The key insight of this work is that pooling is a fixed, non-learnable operation, while a strided convolution is a learnable downsampling operation. By replacing pooling with strided convolution, the network gains additional trainable parameters that allow it to learn the optimal way to reduce spatial dimensions for the task at hand. The authors reported that "when pooling is replaced by an additional convolution layer with stride r=2 performance stabilizes and even improves on the base model." [1] Their all-convolutional network reached a test error of 9.08% on CIFAR-10 without data augmentation and 7.25% with augmentation, 33.71% on CIFAR-100, and a top-1 validation error of 41.2% on ImageNet. [1]

This approach has been widely adopted. Many modern architectures, including [ResNet](/wiki/resnet) [4], [DenseNet](/wiki/densenet), and [ConvNeXt](/wiki/convnext), use strided convolutions for [downsampling](/wiki/downsampling) rather than pooling layers. ConvNeXt, for example, replaces the classic ResNet stem (a 7x7 convolution with stride 2 followed by max pooling, a 4x downsampling) with a single non-overlapping 4x4 convolution with stride 4, a "patchify" stem borrowed from [Vision Transformers](/wiki/vision_transformer); this change nudged ImageNet top-1 accuracy from 79.4% to 79.5% in the authors' modernization study. [11]

| Approach | Type | Learnable | Parameters | Typical Use |
|----------|------|-----------|------------|-------------|
| Max pooling (stride 2) | Fixed operation | No | 0 | Classical architectures (VGG, AlexNet) |
| Average pooling (stride 2) | Fixed operation | No | 0 | Transition layers, global pooling |
| Strided convolution (stride 2) | Learned operation | Yes | K x K x C_in x C_out | Modern architectures (ResNet, ConvNeXt) |

## How does stride behave in transposed convolutions?

[Transposed convolutions](/wiki/transposed_convolution) (also called fractionally strided convolutions or sometimes incorrectly called deconvolutions) use stride in the opposite manner compared to standard convolutions.
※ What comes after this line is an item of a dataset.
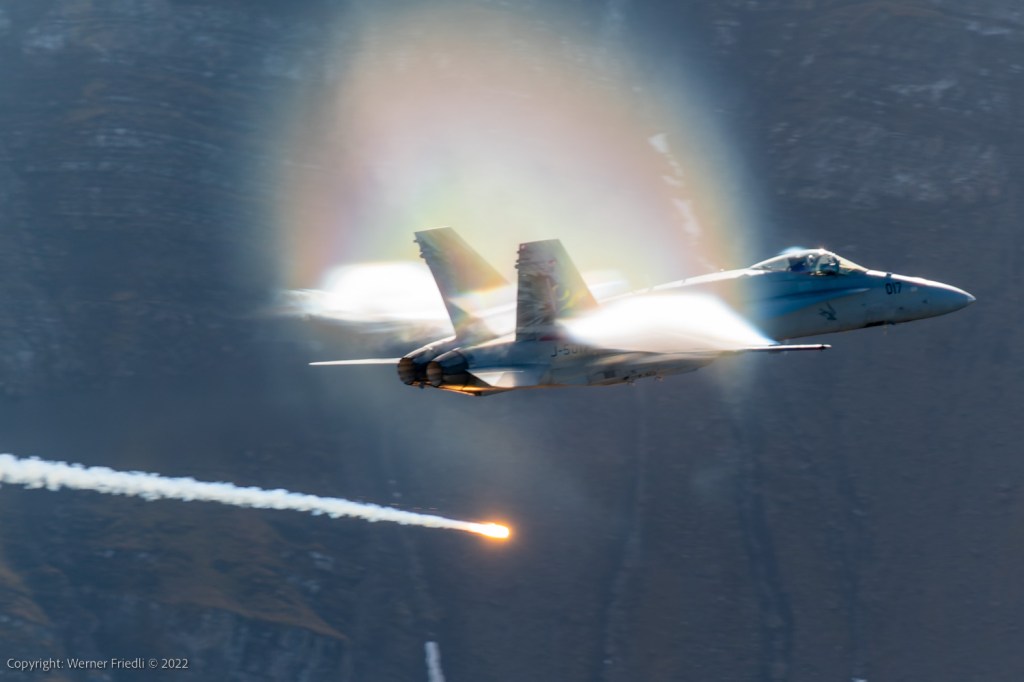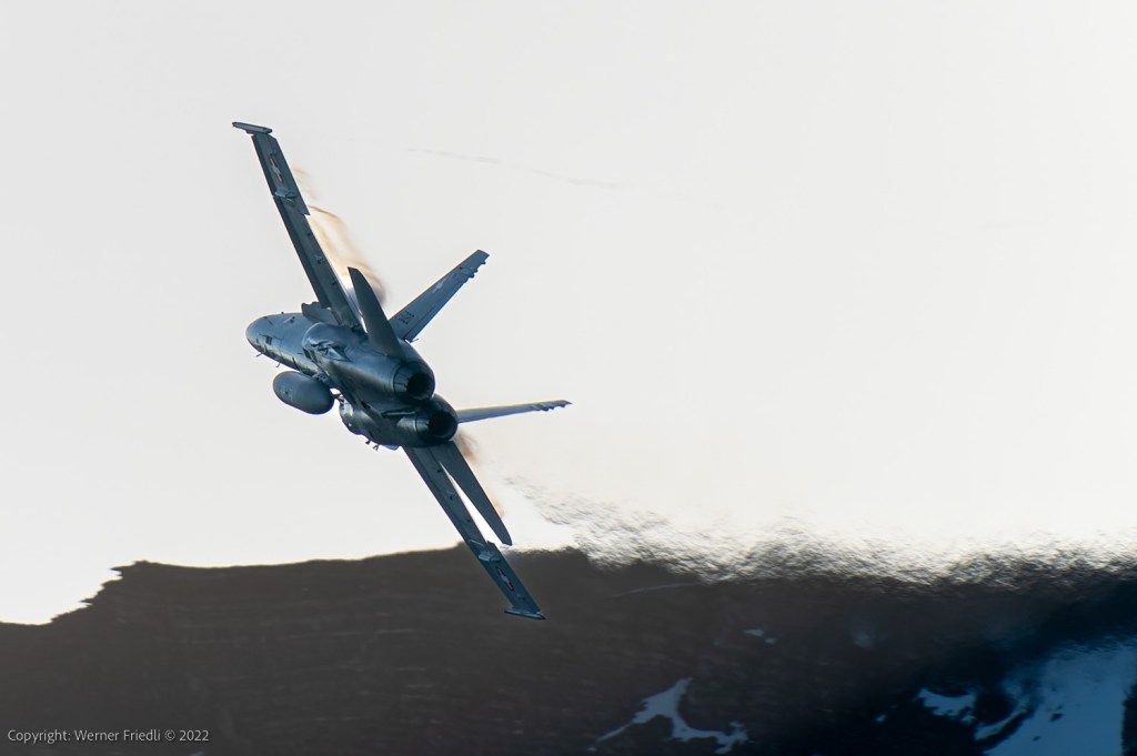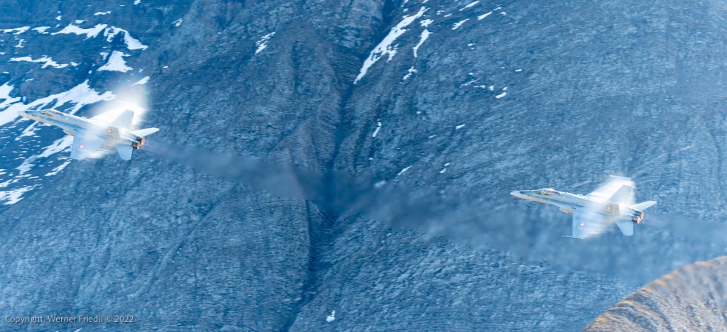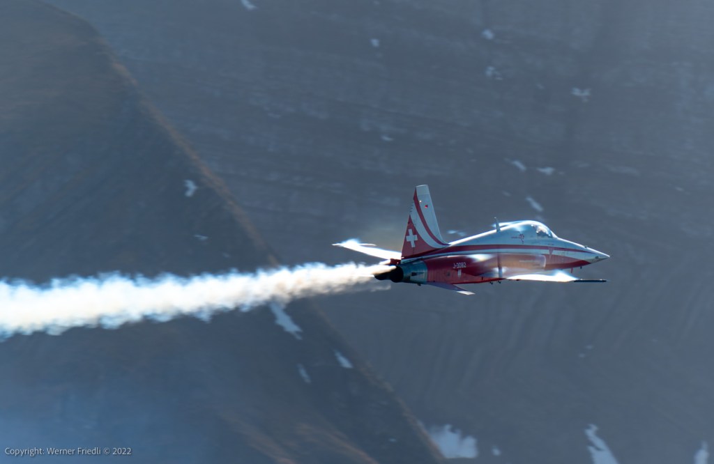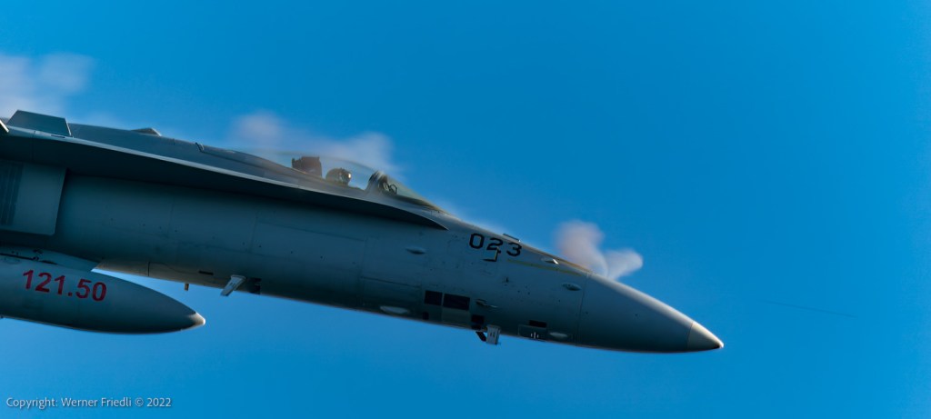 Nach den üblichen 10 Minuten Vorführung war die Speicherkarte bereits mit ca. 800 Fotos gut gefüllt, wobei beim High Speed Pass der ersehnte Verdichtungsstoss perfekt sichtbar war. Das Licht war dabei auch auf meiner Seite, den um diese Zeit wird die Sonne noch durch den Wildgärst verdeckt. Das starke Gegenlicht war also noch nicht präsent.
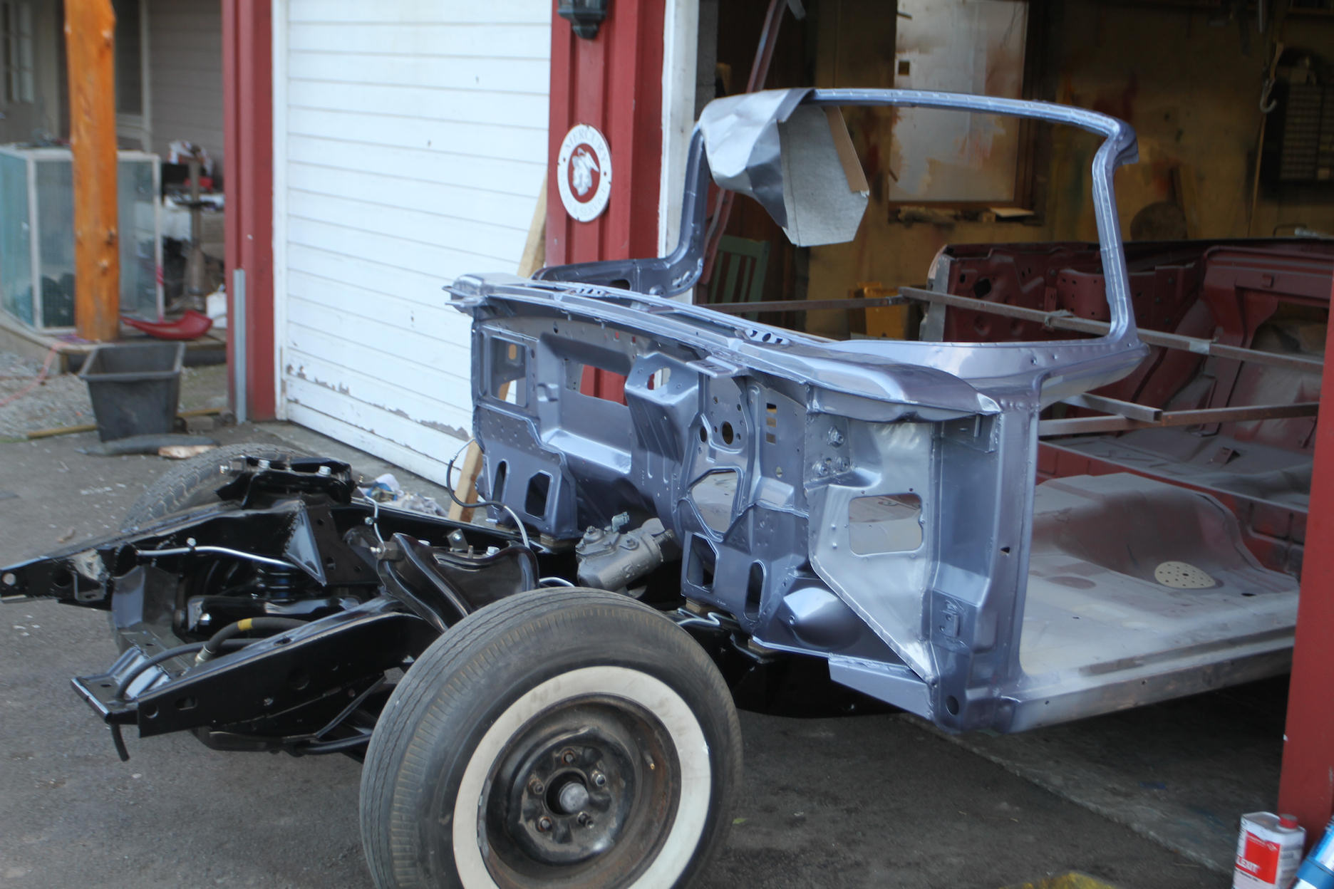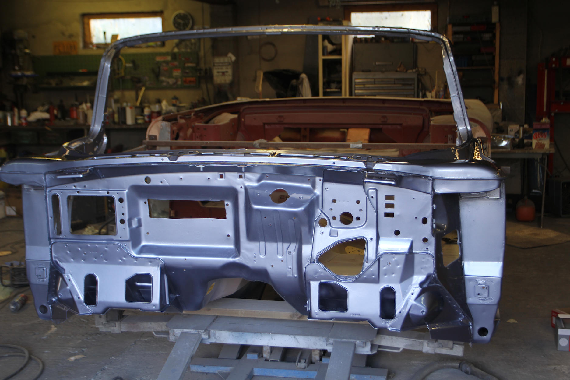 Got another down trip today as I placed the body back on the frame and took the car out in daylight to check the color on the firewall. As you can see there is not much violet in this color, so that means I have to lift the body again and repaint with a different color.

While stride greater than 1 in a standard convolution reduces spatial dimensions, stride greater than 1 in a transposed convolution increases spatial dimensions, performing upsampling. [3]

In a transposed convolution, the stride parameter controls how much spacing is inserted between input elements before the convolution is applied. A stride of 2 effectively doubles the spatial dimensions of the output. This is why the operation is also called "fractionally strided convolution": a stride of 2 over the output is equivalent to a stride of 1/2 over the input. [3]

Transposed convolutions with stride 2 are widely used in:

- **Semantic segmentation** networks such as [FCN](/wiki/fcn) and [U-Net](/wiki/unet), which upsample feature maps back to the original input resolution for pixel-wise classification. [8]
- **[Generative adversarial networks](/wiki/generative_adversarial_network)** (GANs), where the generator transforms low-dimensional [latent vectors](/wiki/latent_space) into high-resolution images through a series of upsampling layers.
- **Super-resolution** models that increase the spatial resolution of images.

### What causes checkerboard artifacts?

Transposed convolutions with certain stride and kernel size combinations can produce checkerboard artifacts in the output. Odena, Dumoulin, and Olah (2016) documented this issue in their influential Distill article "Deconvolution and Checkerboard Artifacts," explaining that "deconvolution has uneven overlap when the kernel size (the output window size) is not divisible by the stride." [2] As a remedy they proposed to "resize the image (using nearest-neighbor interpolation or bilinear interpolation) and then do a convolutional layer" (the "resize-convolution" approach). [2] Choosing kernel sizes that are divisible by the stride (for example, a 4x4 kernel with stride 2) also helps reduce these artifacts. [2]

## How does stride affect the receptive field?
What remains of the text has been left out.